MolekülPDB koduCo kristallendirme sıklığı
FosfatPO45132
AsetatYASASI4521
2-(N-Morpholino)-Ethanesulfonic asit (MES)MES1334
Tris (hydroxymethyl) aminomethane (tris)TRS1155
FormiatFMT1072

Tablo 1: Özet arabellek molekül ortak kristalizasyon frekans Protein veri Bankası (PDB) katılım hakkı. PDBsum16 ' dan 144,868 girişlerinin (12-5-18 aynı derecede-in doğru) toplamı üzerinden alınan veri.

Tamamlayıcı bilgiler. Bu dosyayı indirmek için buraya tıklayınız

Ek tablo 1. Bu dosyayı indirmek için buraya tıklayınız

Ek tablo 2. Bu dosyayı indirmek için buraya tıklayınız

Ek tablo 3. Bu dosyayı indirmek için buraya tıklayınız

Tartışmalar

İletişim kuralına kritik yönleri Santrifüjü adım ve 96-şey plaka TSA deneyler (adım 1.5) için uygun sızdırmazlık içerir.
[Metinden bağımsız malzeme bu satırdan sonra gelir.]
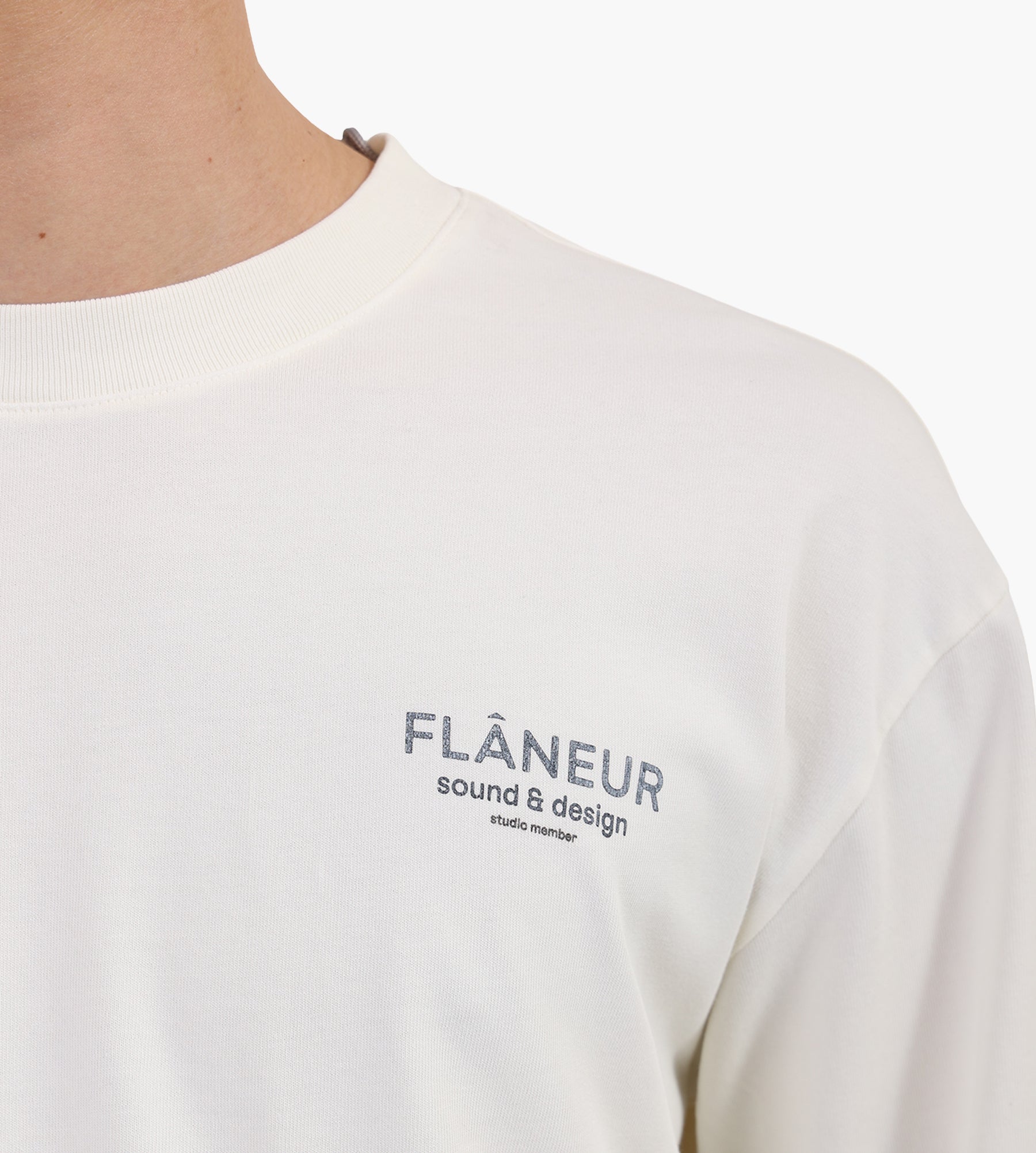 The Flâneur Sound Design Long Sleeve Shirt in Washed White is crafted from a soft, mid-weight cotton jersey, offering a breathable yet substantial feel. Its washed treatment lends a subtle texture and lived-in character, while the clean silhouette anchors its versatility for layering or standalone wear.

Santrifüjü sağlar bu protein örnek ve ekran durum kişiye gel ve karıştırın. Ayrıca, bir mühürsüz plaka kullanılırsa TSA deneme için deney boyunca buharlaşan bir artışa neden örnek konsantrasyon ve erken protein toplama şansımızın artması solvent önemli bir riski yoktur.

TSAs ve nanoDSF protein örnekleri geniş bir mükellef bulunmaktadır; örnekleri büyük çoğunluğu yorumlanabilir eritebilir eğrileri veya boya-Alerjik nanoDSF bir muhabir hydrophobicity-esaslı boya ile üretebilir. Standart Floresan kaynakları, protein için uygun değilse, basit değişiklik keşfedilmeyi iletişim kuralına fluorophore seçimdir. Birkaç alternatif boyalar TSA deneyleri için uygun olabilir. N-[4-(7-diethylamino-4-methyl-3-coumarinyl)phenyl]maleimide (CPM), thiol27ve 4 - ile tepki sonra fluoresces bir bileşik örnekler (dicyanovinyl) julolidine (DCVJ), temel, floresans değişir bir bileşik Onun floresan bir protein örnek olarak artan çevresine sertlik (ikinci boya örnek yüksek konsantrasyonda kez gerektirir)28,29 izlerken.

Tm araç yazılım tarafından otomatik olarak hesaplanmamışsa eritebilir eğrisi Analizi alternatif yöntemler kullanılabilir. Veri homojen ve tek bir denatürasyon adım eritebilir eğrileri belirgin ise, kesilmiş bir veri kümesi Boltzmann Aşağıdaki denklemle sigmoid ile donatılmış:

figure-discussion-1607

F T sıcaklığında floresan yoğunluğu, Fmin ve Fmax nerede floresans yoğunluklarda önce ve denatürasyon geçişten sonra sırasıyla, Tm orta sıcaklık denatürasyon geçiş ve C olduğunu. Tmviraj gibidir. Bu yöntem de basit iki aşamalı denatürasyon işlemleri için çalışırken, karmaşık eritebilir eğrileri ile birden çok geçiş için uygun değildir.

Erişilebilirlik TSA önemli avantajlarından biridir; TSA deneylerin herhangi bir RT-PCR sisteminde istihdam floresans boya için uygun dalga boylarında, filtreler ile gerçekleştirilebilir. Bu düşük maliyetli sarf malzemeleri, işlem ve nispeten düşük miktarda protein, TSA proje ölçekleri, sanayi ve Akademi hem de geniş bir yelpazesi için değerli bir teknik yapmak gerekli kolaylığı ile birleştiğinde.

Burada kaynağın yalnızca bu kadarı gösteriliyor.